Ка́к собрала их всех картежница-жизнь, ка́к
стасовала, ка́к сдала! Ну разве это в самом деле не смешно?!
– Смешно, – повторил Поляков, слабо улыбаясь. И в то же
мгновение голова его качнулась от пощечины.
– Вам смешно? – снова вскрикнула Ольга, отпрянула было,
словно набираясь храбрости, но тотчас опять подалась вперед и ударила по другой
щеке – другой рукой.
Поляков отшатнулся.
– Вам смешно? – выдохнула Ольга, и тут же глаза ее стали
огромными, а рот испуганно округлился: – Ой! Вам больно?!
Что-то мокрое, соленое скользнуло по его губам… Кровь?
Чертова девка до крови разбила ему нос!
По глазам Ольги было видно, что приступ ярости прошел, что
она в ужасе – в таком ужасе, что вот-вот упадет в обморок.
Поляков шагнул вперед и подхватил ее под руку:
– Успокойтесь. Слышите? Успокойтесь!
– Что я наделала… – бормотала Ольга. – Что я наделала! Изви…
Ему не хотелось, чтобы она извинялась. Ему было невыносимо
видеть ее страх. Ему было невыносимо осознавать, что она снова его боится!
– Замолчите сию минуту, – с силой тряхнул ее Поляков. – Всё,
забыли. Понятно? Забыли. Ничего не произошло. Сейчас вы пойдете домой, а
завтра…
– Завтра? – повторила Ольга, отскакивая. – Ни завтра, ни
послезавтра, никогда в жизни! Никогда не приду! Не ждите! Сексотом вашим стать?
Нет! Ни за что не буду!
– Да вы что? – Поляков чуть голоса не лишился. – Вы меня не
так поняли…
Она только глазами темно блеснула, отворачиваясь и исчезая в
глубине подворотни.
Поляков шагнул было вслед, но споткнулся. Посмотрел вниз…

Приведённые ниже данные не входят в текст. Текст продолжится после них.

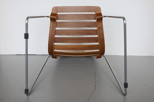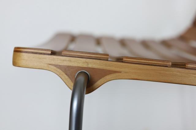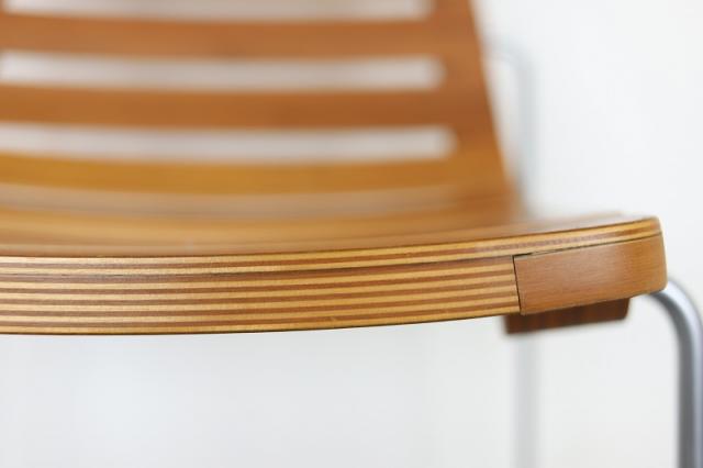 北欧デンマーク買付便のプライウッドチェア。薄くスライスされた木の層の美しさと、緩やかな曲線が目にとまります。脚はスチール製で全体的に軽やかな印象のチェアです。

– Черт возьми! – воскликнул почти в отчаянии. – Да что
происходит?! Вы забыли свой портфель!
Простучали каблуки – Ольга вернулась, чуть не налетела на
него, схватила портфель с земли, гибко выпрямилась и снова исчезла. Хлопнула
дверь – значит, она вбежала в дом.
Поляков в ярости пнул сугроб. Там что-то лежало, комочек
какой-то.
Он поднял его и сразу понял: рукавичка. Самая обыкновенная
рукавичка из самой простой, грубоватой шерсти, с вышитым на ней красным не
совсем уклюжим цветочком.
Все-таки Ольга умудрилась ее потерять.
«Это какая-то сказка про белого бычка! – подумал Поляков
сердито. – И что мне теперь делать? Идти возвращать ей рукавичку? Ага, я стучу
в дверь – а ее открывает Милка-Любка!»
– Смешно, – пробормотал он, стискивая рукавичку в кулаке. –
Смеш…
И не договорил. Над ухом грохнуло. Что-то обожгло левое
плечо, да так сильно, что Полякова шатнуло к стене. Он ударился головой о
кирпичную настывшую кладку, но боли не почувствовал. Другая боль, разрывающая
легкие, затмевала все.
Ноги стали ватными, бессильными. Он цеплялся за стену,
пытаясь удержаться, но не мог. Пальцы бессильно скребли кирпич. Рукавичка Ольги
выпала и свалилась на снег.
Поляков не видел, как чья-то рука схватила ее, стиснула в
кулаке. Он не почувствовал, как у него вырвали из кобуры пистолет. Он не слышал
звука удаляющихся шагов. Лежал лицом в сугробе.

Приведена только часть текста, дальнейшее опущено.